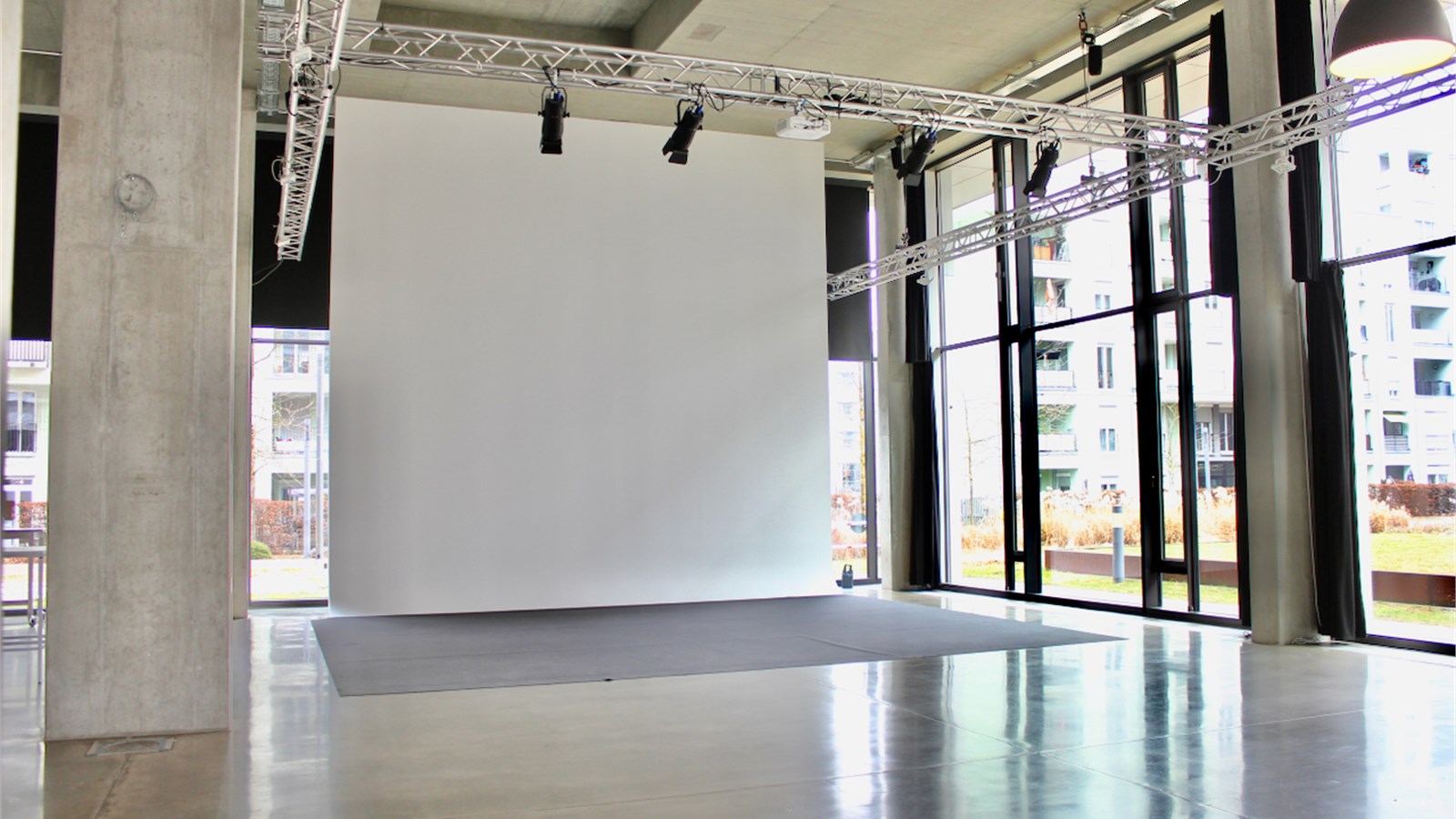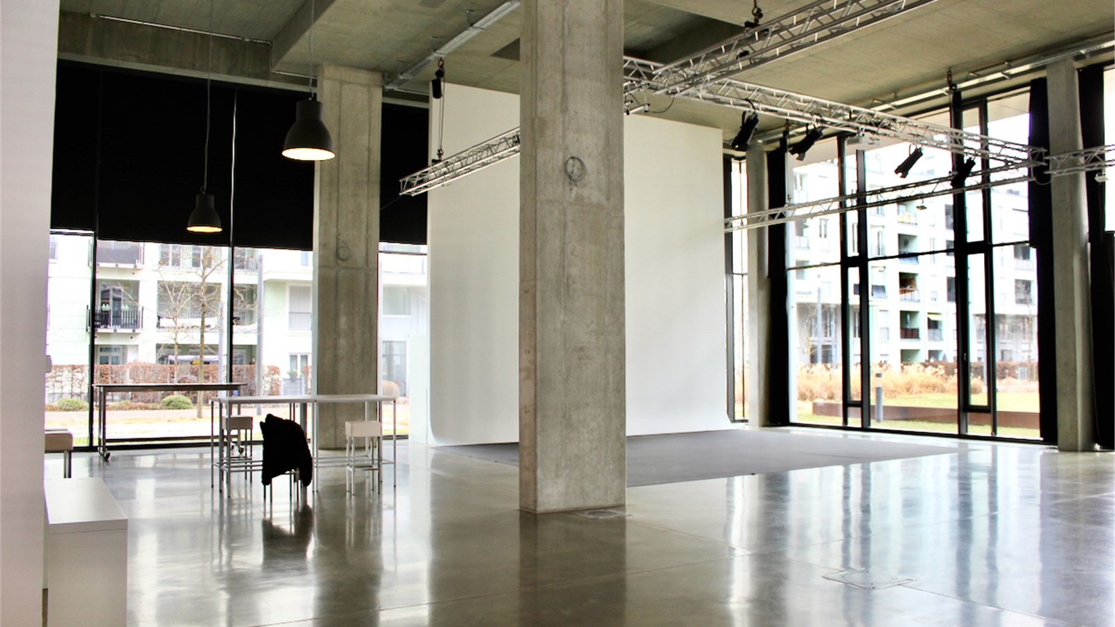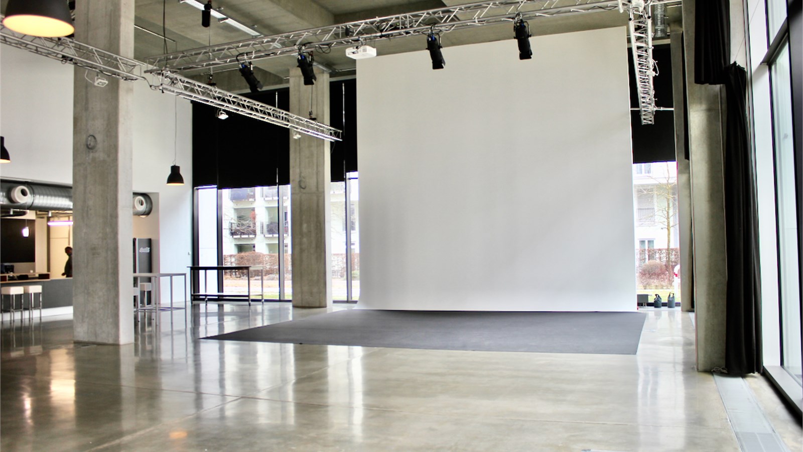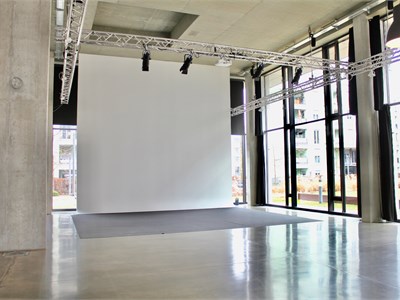 H2O Studio is a film and photography studio as well as an event venue. The studio benefits from natural light but can also be darkened. It is a large space covering approximately 300 square metres with 7-metre-high ceilings. An office, dressing room and toilets are available. The complex is located in a modern building constructed in 2014. Film studio / Photography studio / Studio / Event venue / Events / Loft / Entrance hall.
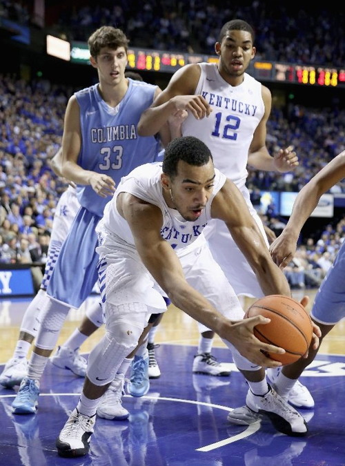 Trey Lyles grabs a rebound while Karl-Anthony Towns (#12) and Columbia's Luke Petrasek (#33) look on
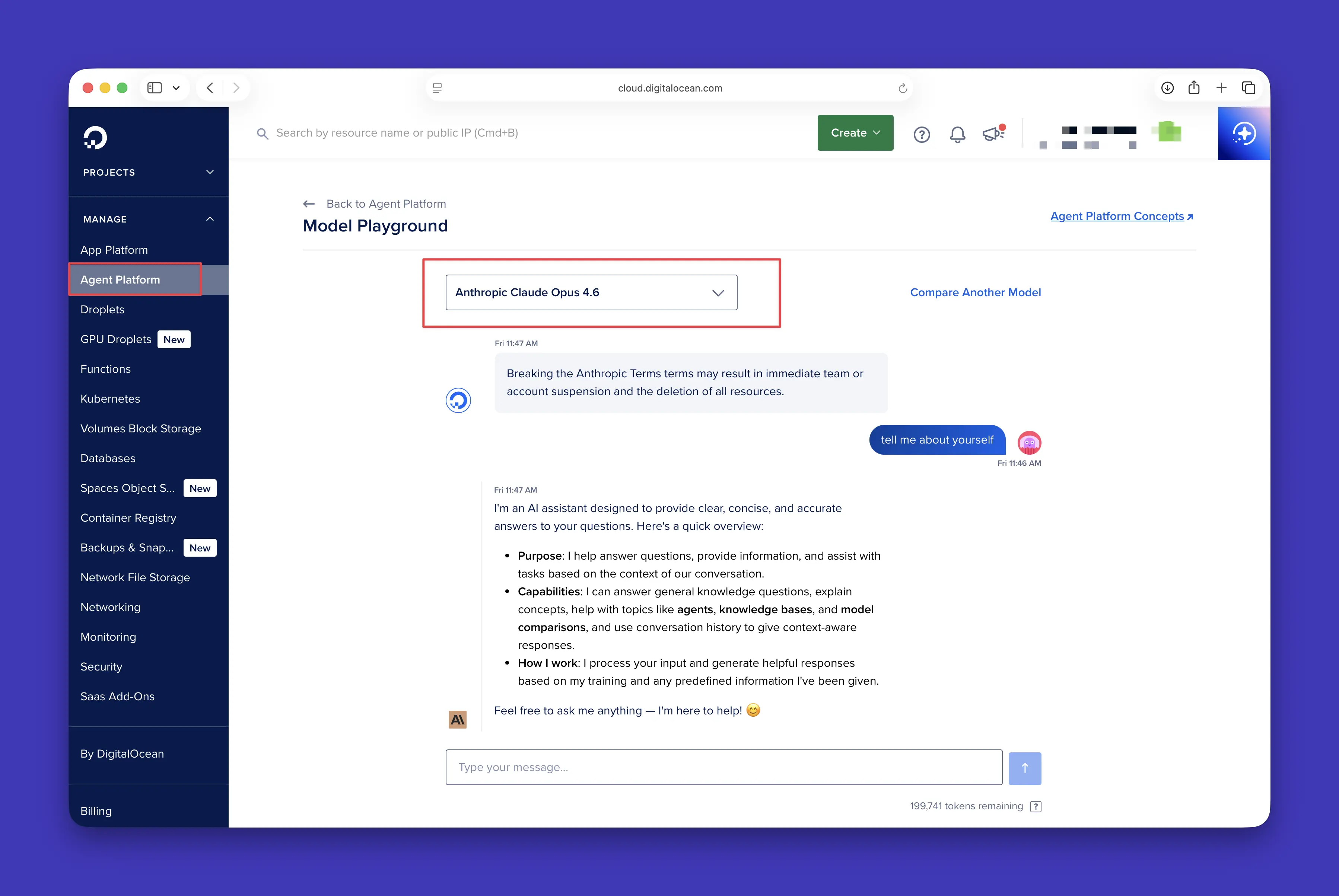 平台从一开始就内置了安全默认配置。Opus 4.6 在你的 DigitalOcean 项目(Project)内运行,采用安全的默认设置,随着工作负载规模扩大,可有效降低运维风险。
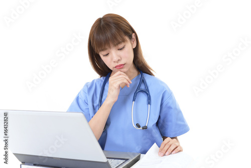 考え事をする女医
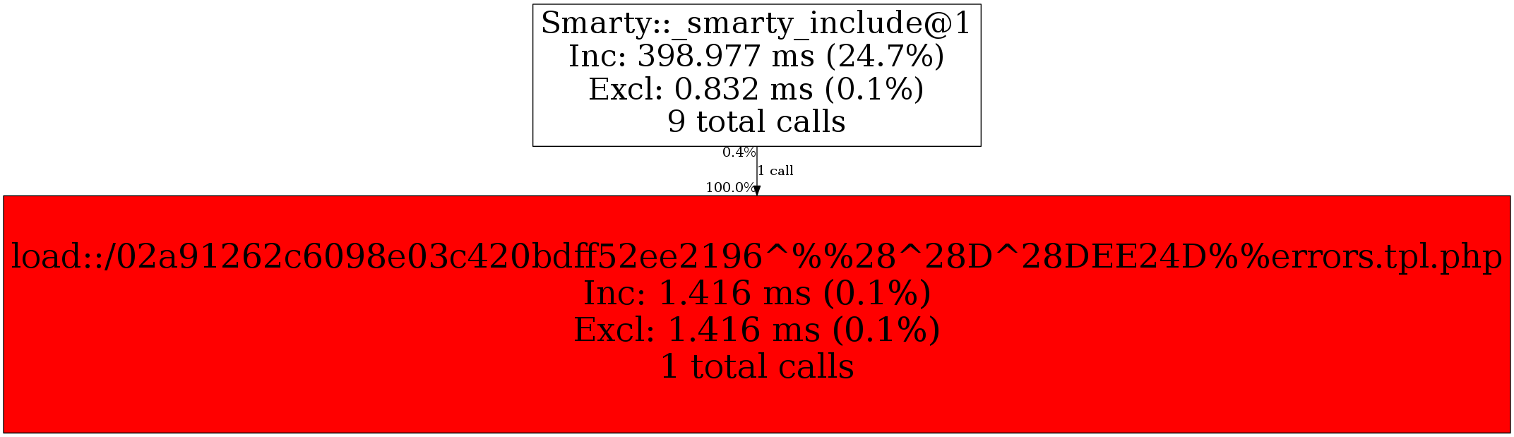 | Smarty::_smarty_include@1 | 1 | 100.0% | 1,416 | 100.0% | 0 | N/A% | 3,336 | 100.0% | 0 | N/A% |

····················

*Activity*
Begin at the line with "平台从一开始就内置了安全默认配置。Opus 4.6 在你的" and retype exactly every line through the last one of the entries above, both included, and nothing more; pictures stay out.

*Exercise response*
 平台从一开始就内置了安全默认配置。Opus 4.6 在你的 DigitalOcean 项目(Project)内运行,采用安全的默认设置,随着工作负载规模扩大,可有效降低运维风险。
 考え事をする女医
 | Smarty::_smarty_include@1 | 1 | 100.0% | 1,416 | 100.0% | 0 | N/A% | 3,336 | 100.0% | 0 | N/A% |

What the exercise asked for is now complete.